Ein Ort zum Entfalten
Dies sind
aufregende Zeiten. Niemand kann wirklich sicher sein, im welchen Ausmaß die
Veränderungen kommen werden, aber wir können sicher sein, dass sie signifikant
sein werden.
Die Einführung
von Gen-KI hat Parallelen zur Einführung von Low-Code/No-Code in den letzten
zehn Jahren. Obwohl Low-Code/No-Code in vielerlei Hinsicht maßgeschneiderte
Softwareentwicklung ersetzt hat, gibt es heute tatsächlich mehr
SoftwareentwicklerInnen als vor einem Jahrzehnt.

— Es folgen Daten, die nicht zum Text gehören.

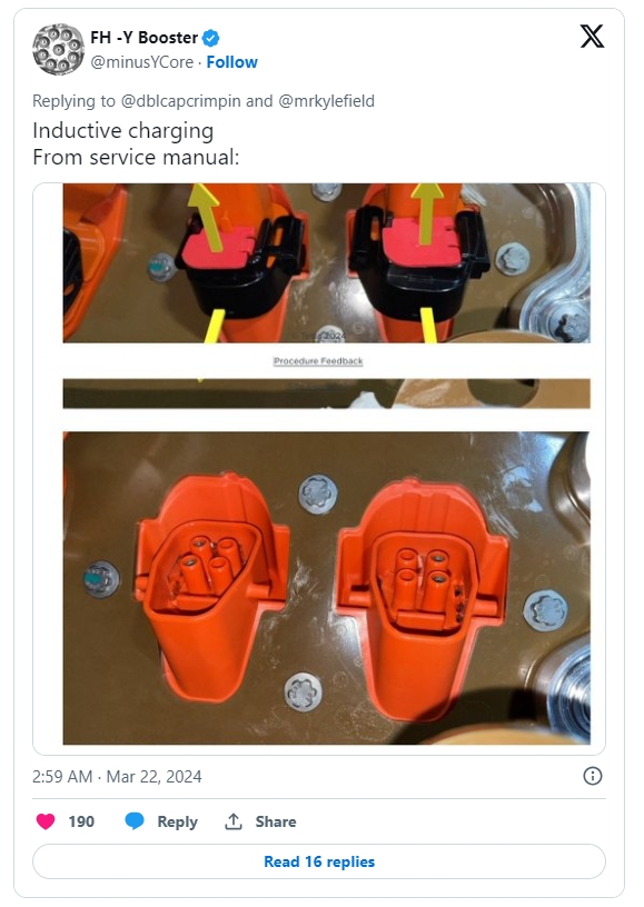 이미지 확대보기테슬라가 금명간 전기차용 무선 충전 기술을 선보일 것으로 관측됐다. 23일(이하 현지시각) 테슬라라티에 따르면 ‘FH-Y Booster'란 이름을 쓰는 테슬라 마니아는 ’비접촉식 충전(inductive charging)'에 관한 방법을 설명하는 테슬라의 최근 서비스 매뉴얼을 전날 X에 공유했다.

Dies liegt daran, dass sowohl
Low-Code/No-Code als auch Gen-KI immer auf die einfachsten Aufgaben der
Softwareentwicklung abzielen werden.
Ich glaube nicht,
dass es eine Gefahr für SoftwareentwicklerInnen gibt. Technologie wird
weiterhin ein Ort sein, an dem Menschen gedeihen können, indem sie auf den
immer ausgefeilteren Ergebnissen aufbauen, die uns KI in Zukunft liefert.
In unserem Blogartikel liegt uns die Gleichberechtigung aller Geschlechter am Herzen. Daher formulieren wir unsere Artikel stets genderneutral, um alle LeserInnen gleichermaßen anzusprechen und zu inkludieren.